Рано темнеет зимой и на Авалоне, а потому, отправив вместе с закатом малышей в дом, сама Реджина вышла на улицу лишь когда взошла луна, а пелена тьмы стала непроглядной. На улице не было ни души, когда Корбу скользила от главного храма к дому, построенному специально для Кайдена, где нередко оставались и дети. Здесь обстановка была совершенно иная, непохожая на храм именно здесь они могли чувствовать себя одной семьей.
Подходя к дому, Реджина уже знала, что Аркелл прибыл, потому что голова его драконихи, оставленной за пределами жреческого города, блуждала чуть над стеной, с любопытством разглядывая дома и огни в них.
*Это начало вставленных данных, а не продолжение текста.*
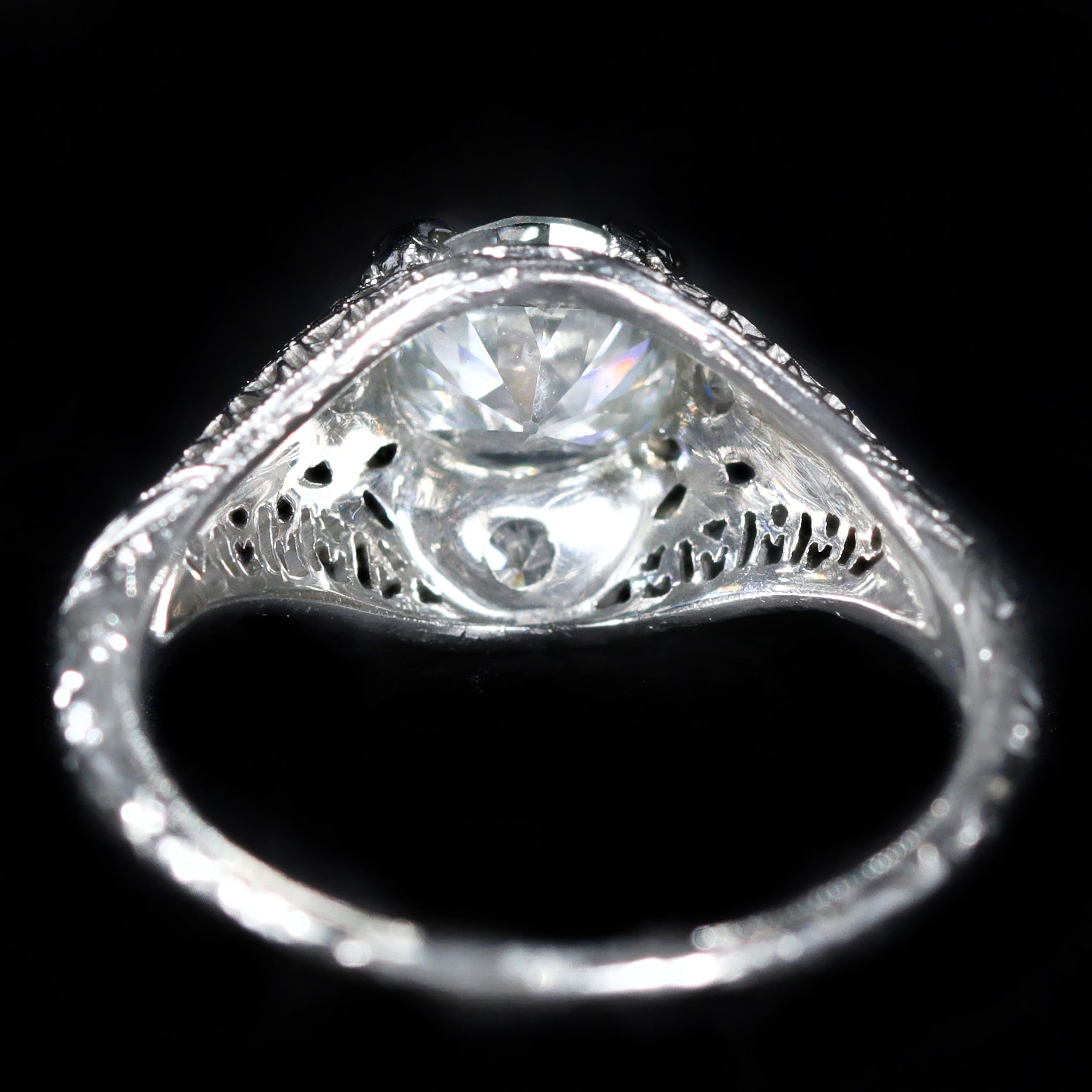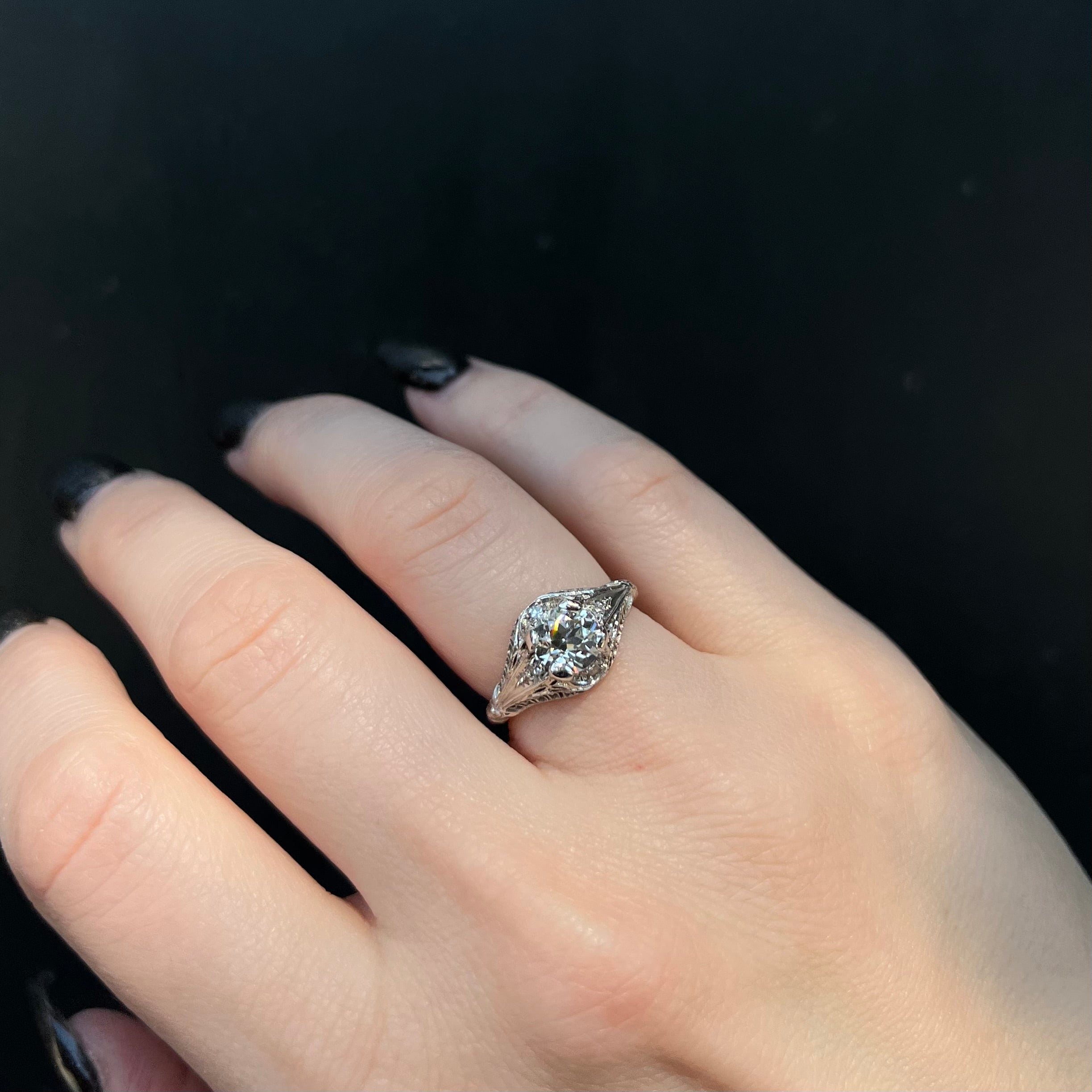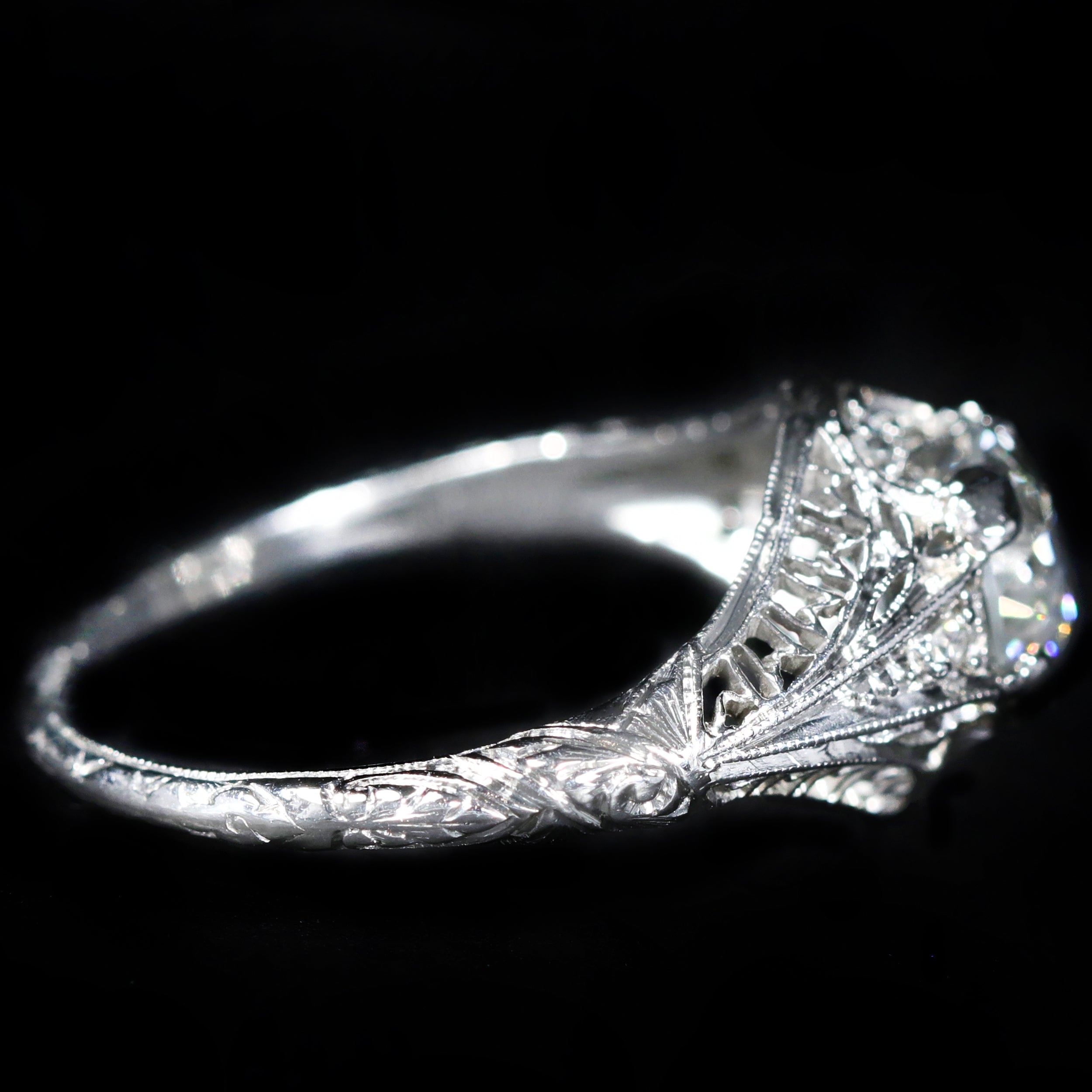 Art Deco platinum diamond ring. Crafted in gleaming platinum, this Art Deco engagement ring is crowned with a glittering Old European cut diamond, weighing approximately 1.10 carats. Gracing the elegant filigree mounting, the center stone is embellished all around with four twinkling single cut diamonds. Delicate milgraining decorates the beautiful wire work detail, accentuated with hand engraving down each side of the band.

Завидев Реджину, Скара замерла, а затем спряталась за стеной. Кайден говорил, что это потому что она чувствует неприятие Корбу. Сама жрица считала, что это потому что драконам и впрямь лучше держаться от нее подальше.
Дом полон разговоров, веселых возгласов, смеха и звона кубков, тарелок и чаш. Семья проводит время за ужином и Реджина невольно улыбается, прежде чем переступить порог дома, плотно закрыв за собой дверь с тем, чтобы не выпустить тепло. Она снимает свой меховой плащ у входа и закрывает за собой еще одну дверь, прежде чем войти внутрь, где за столом и собрались теперь Кайден и дети.
- Ты здесь, - на выдохе произносит она, улыбаясь, а затем обнимает мужчину за шею, едва он встает. Дети продолжают весело болтать, хохотать и баловаться, но сейчас Реджина не расположена к тому, чтобы делать им замечания, - Я рада, что ты прилетел. Все хорошо? Вы хорошо перенесли дорогу? Ты же знаешь, зимой туманы становятся плотнее… - она говорит какую-то ерунду, потому что не может заставить себя собраться. Жрица рада, что Кайден здесь, страхи ее отступают, когда она оказывается заключенной в его объятиях, ощущая как лед ее рук, согревает тепло его кожи.